Début du procès de la Clinique du Sport

La Clinique du Sport
La Clinique du Sport (© France)

Le procès de trois médecins de la Clinique du Sport pour "blessures involontaires" et "tromperie" a débuté mardi

Le procès de trois médecins de la Clinique du Sport pour "blessures involontaires" et "tromperie" a débuté mardiLe procès de trois médecins de la Clinique du Sport pour "blessures involontaires" et "tromperie" a débuté mardi

Jugés jusqu'au 28 octobre par le tribunal correctionnel de Paris, ils sont accusés d'avoir contribué par négligence des règles sanitaires à la propagation de la mycobactérie xenopie dans le réseau d'eau de la clinique.

58 patients opérés entre janvier 1988 et mai 1993 ont contracté une maladie s'apparentant à une tuberculose osseuse.
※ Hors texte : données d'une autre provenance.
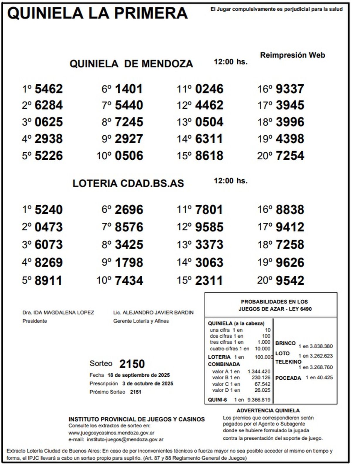 Resultados Quiniela de Mendoza: La Primera del 18 de septiembre de 2025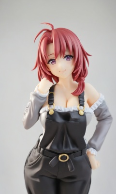 figure,masterpiece,best quality,<lora:cow_girl:1>,highres,1girl,smile,cowboy_shot,long_sleeves,grey_shirt,black_overalls,black_belt,pants,closed_mouth,collarbone,frilled_shirt,looking_at_viewer,cleavage,cow_girl_\(goblin_slayer!\),solo,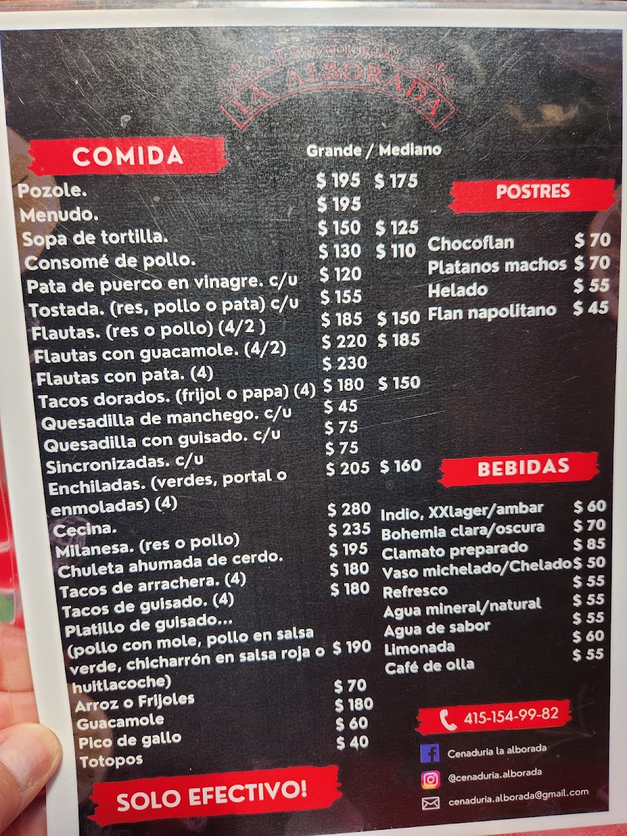 La Alborada, nestled in the heart of San Miguel de Allende, offers an authentic taste of Mexican cuisine steeped in tradition and rustic charm. Located at Diez de Sollano y Dávalos 11, this small family-owned spot is renowned primarily for its pozole—a rich, hearty stew that locals and visitors alike hail as the best in town. The pozole here arrives generously portioned, accompanied by classic garnishes that elevate its bold, spicy flavors without overwhelming the palate.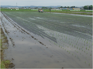 ![]() 登米ライスサービスさん田んぼ ゆったり株間で苗ものびのび |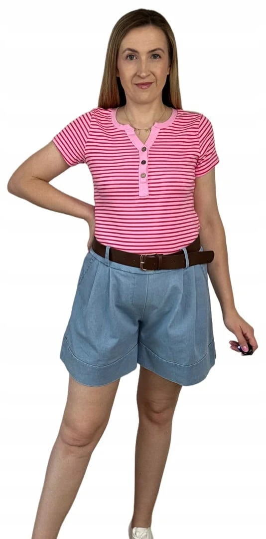 Niebieskie bawełniane szorty spodenki szerokie nogawki z paskiem Livan's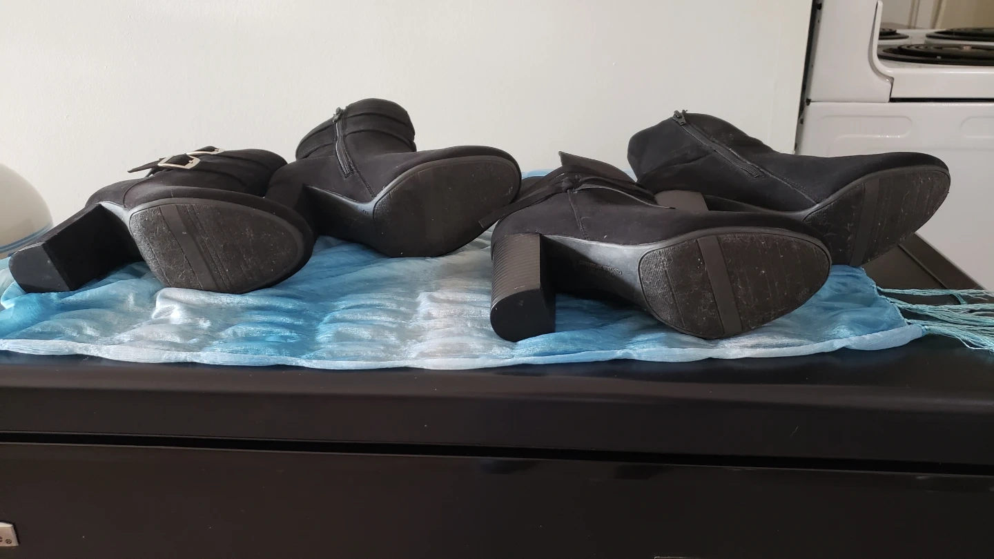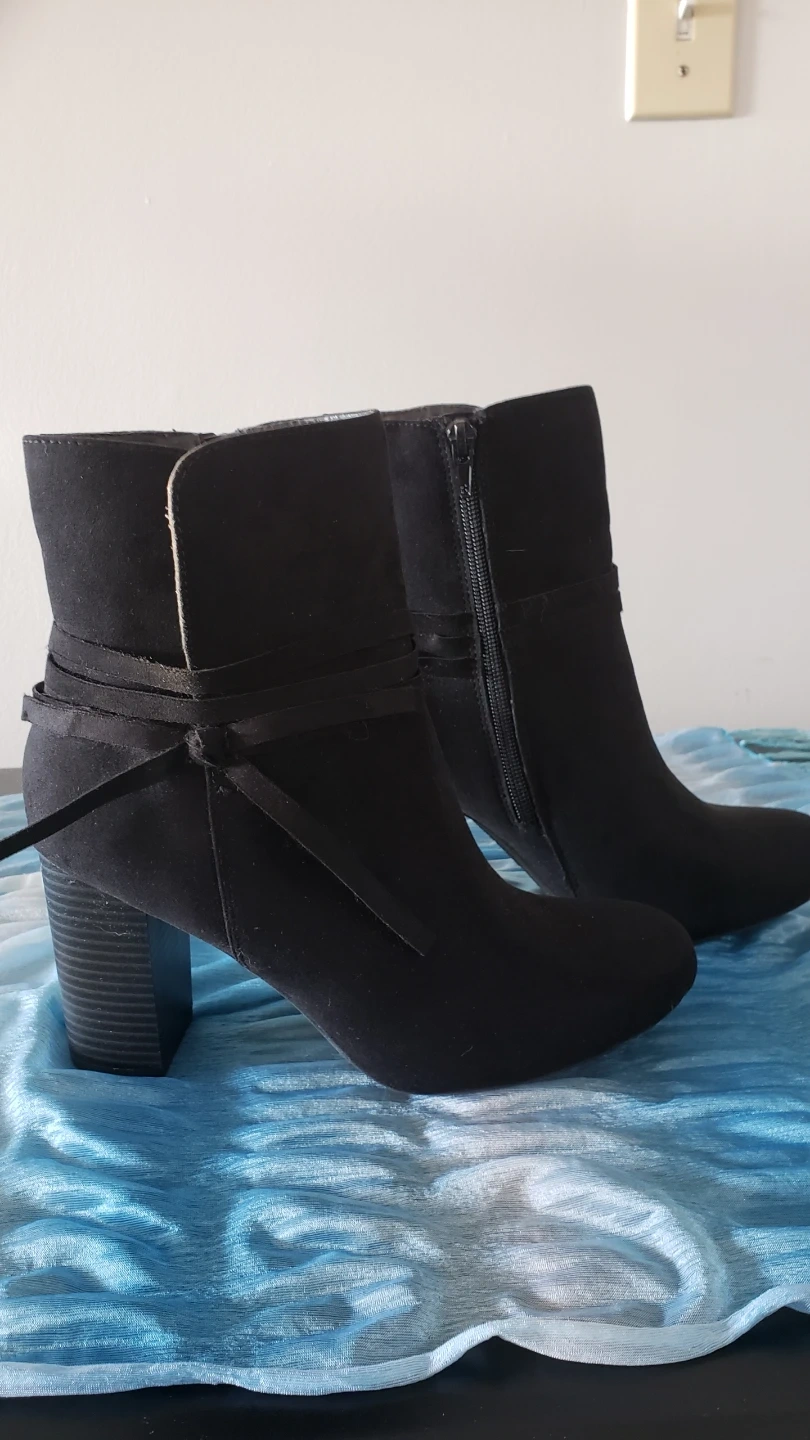 Beautiful and sexy black faux suede ankle boots. Worn once or twice each so in excellent condition, no scuffs or marks. Boots with silver toned buckles are size 8.5 but fit more like a 7.5/8, approx 3 inch chunk heel. Boots with ribbon detail are size 8 but fit like a 7.5/8, also approx 3 inch chunk heel. Both very comfortable and the chunk heel is easier on the knees, and great ankle support. $40 for each pair, or buy both for $70. These are really nice boots!

Une quarantaine de victimes se sont constituées parties civiles.

Réutilisation des kits d'intervention à usage unique, carences dans des protocole de stérilisation


Mis en cause pour avoir réutilisé des kits d'intervention à usage unique et pour des carences dans le protocole de stérilisation des instruments chirurgicaux, les trois praticiens, dont l'ancien directeur de cette clinique parisienne Pierre Sagnet, sont notamment poursuivis pour "blessures involontaires" et "tromperie".
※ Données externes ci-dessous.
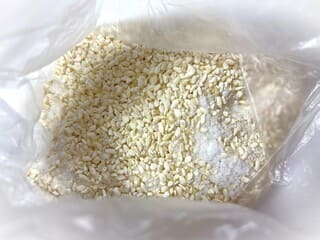 ④ポリ袋に米麹、塩を入れてすり混ぜる。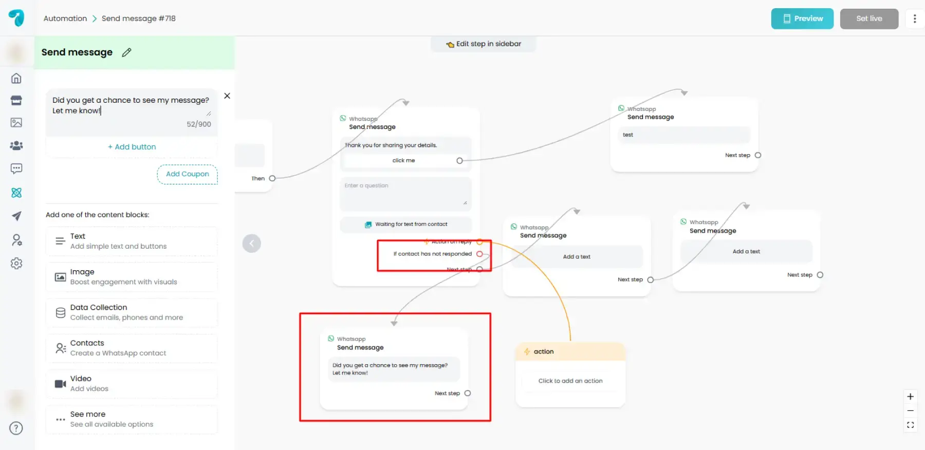 In automation flow, you can also reminder user after no response setting to keep follow up of users who don’t reply.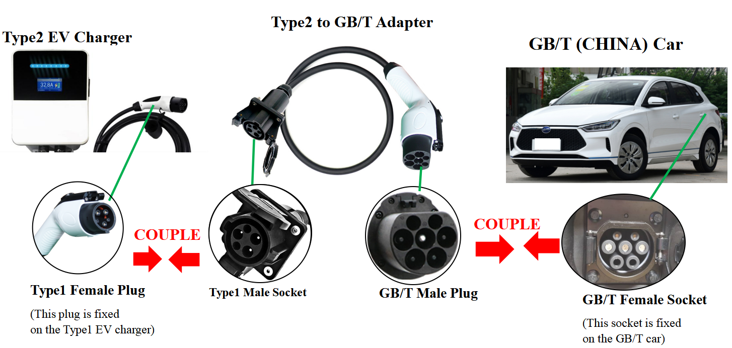 - Product description: Type 1 SAE J1772 to GBT EV Charging Adapters, cable length customized.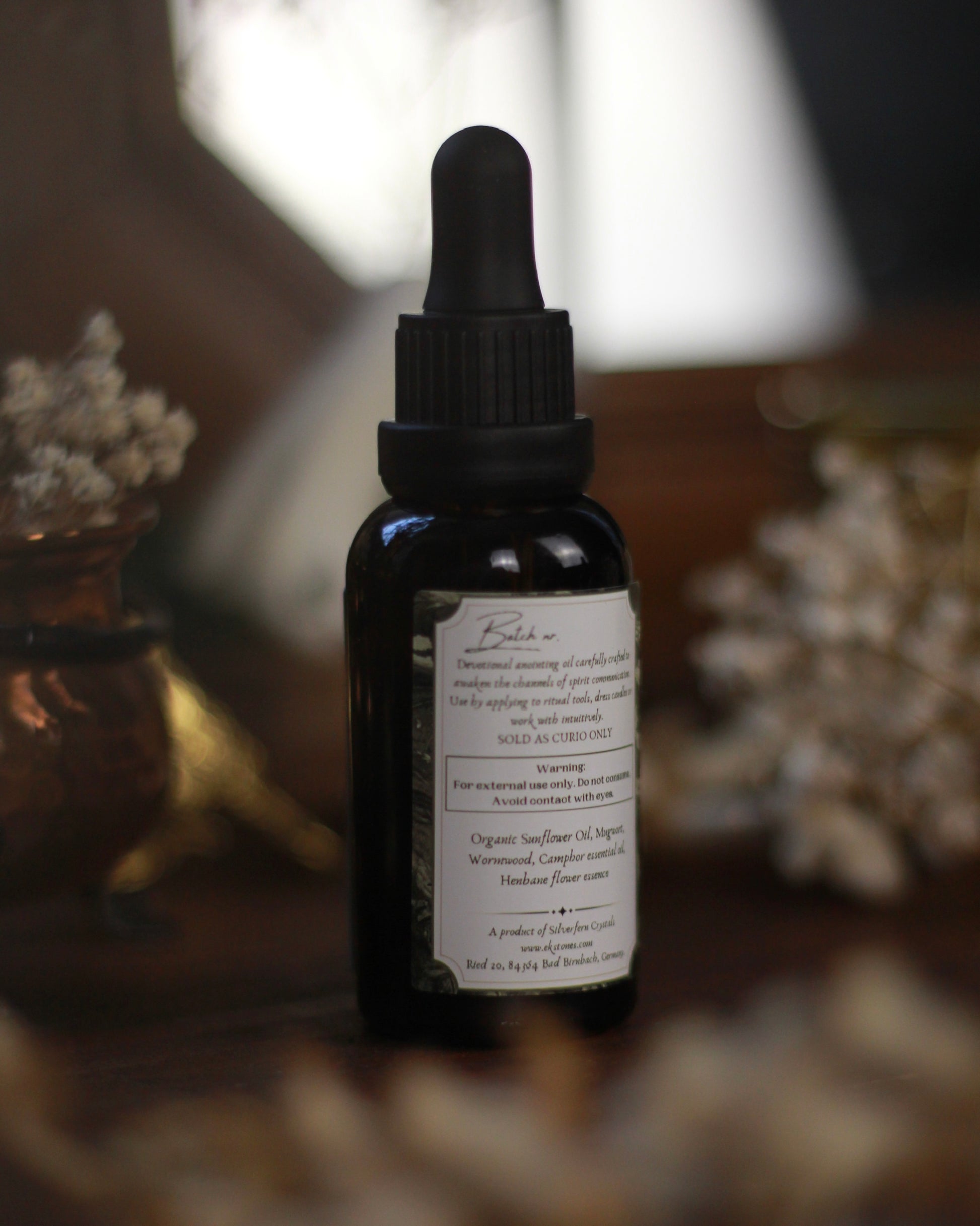 Mugwort and Wormwood, herbs revered for their spiritual significance, have been carefully infused for seven weeks, harnessing their sacred energies and blended together during the sacred threshold of All Hallows Eve, the liminal time when the veil between our world and the spirit realm is at its thinnest.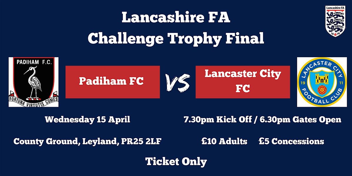 Join us for the Lancashire FA Challenge Trophy Final, on Wednesday 15 April 2026 at 7.30pm. Watch two top teams compete for silverware at the County Ground.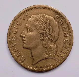 Moneta da 5 Franchi francesi del 1933 in nichel. - Dritto: Testa di Marianne con corona d'alloro, legenda REPUBLIQUE FRANCAISE e firma A. LAVRILLIER. - Riferimento anno: 1933. - Materiale: Nichel. SPL xf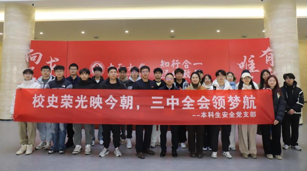 为深入学习贯彻党的二十届三中全会精神和全国教育大会精神,进一步激发支部党员知校、爱校、荣校的自豪感、荣誉感和使命感,12月20日下午,本科生安全党支部全体党员赴ok1133诸侯快讯校史馆参观,对口联系支部的ok1133诸侯快讯诸侯快讯部部长欧旭理教授莅临现场,与支部成员一同感受学校的发展沿革。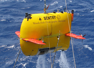 The AUV Sentry (fig. 5) will be programmed on the ship to investigate regions of the volcano, placed in the ocean and will zoom around the seafloor taking photos, collecting information about the depth of new volcanic deposits and also measuring the chemistry of water.

Des accusations entièrement contestées par les intéressés qui ne doutent pas de "sortir la tête haute de cette histoire", assure Me Olivier Leclere, avocat du Dr Pierre Sagnet, directeur de l'établissement à l'époque des faits. "Au regard des connaissances et des pratiques de l'époque, toutes les précautions sanitaires ont été prises", argumente-t-il en soulignant le "paradoxe" de voir poursuivis les médecins à titre individuel et non la clinique, au titre de personne morale, comme organisatrice du protocole sanitaire. "Un chirurgien est-il responsable de la qualité du réseau d'eau de la clinique qui l'emploie? Non, à l'évidence", insiste Me Xavier Flécheux, avocat de Didier Bornert, l'un des médecins ayant opéré les patients contaminés, comme ses co-prévenus les Drs Sagnet et Patrick Béraud.

"C'est le symbole de ce qu'il ne faut pas faire en matière de médecine business"
Alors que la défense s'attache à minimiser la portée d'un procès "très éloigné des accusations de départ", les parties civiles insistent sur le caractère exemplaire de cette affaire. "C'est le symbole de presque tout ce qu'il ne faut pas faire en matière de 'médecine business' et le point de départ de la mise en lumière des maladies nosocomiales dans l'opinion publique", estime Me Patrick de la Grange, qui défend les intérêts de plusieurs victimes.

"C'est le plus gros scandale français en matière de maladie nosocomiale. Il y a eu un avant et un après Clinique du sport ", observe Alain-Michel Ceretti, époux de l'une des victimes.

L'association qu'il a fondée dans la foulée de cette affaire, baptisée "le Lien", est devenue le fer de lance de la bataille contre les infections contractées à l'hôpital qui ont fait l'objet, ces dernières années, de plusieurs évolutions réglementaires et législatives.

Alain-Michel Ceretti est depuis le 1er janvier chargé du nouveau pôle Médecine et Sécurité auprès du médiateur de la République.

La Clinique du Sport a mis des années avant de prendre les mesures pour stopper la contamination


L'ex-directeur de la Clinique du Sport est également poursuivi pour avoir attendu plusieurs années avant de prendre les mesures destinées à stopper la contamination. En octobre 1997, des milliers de patients de la clinique avaient été rappelés, sur injonction du ministère de la Santé, pour faire l'objet d'un dépistage systématique.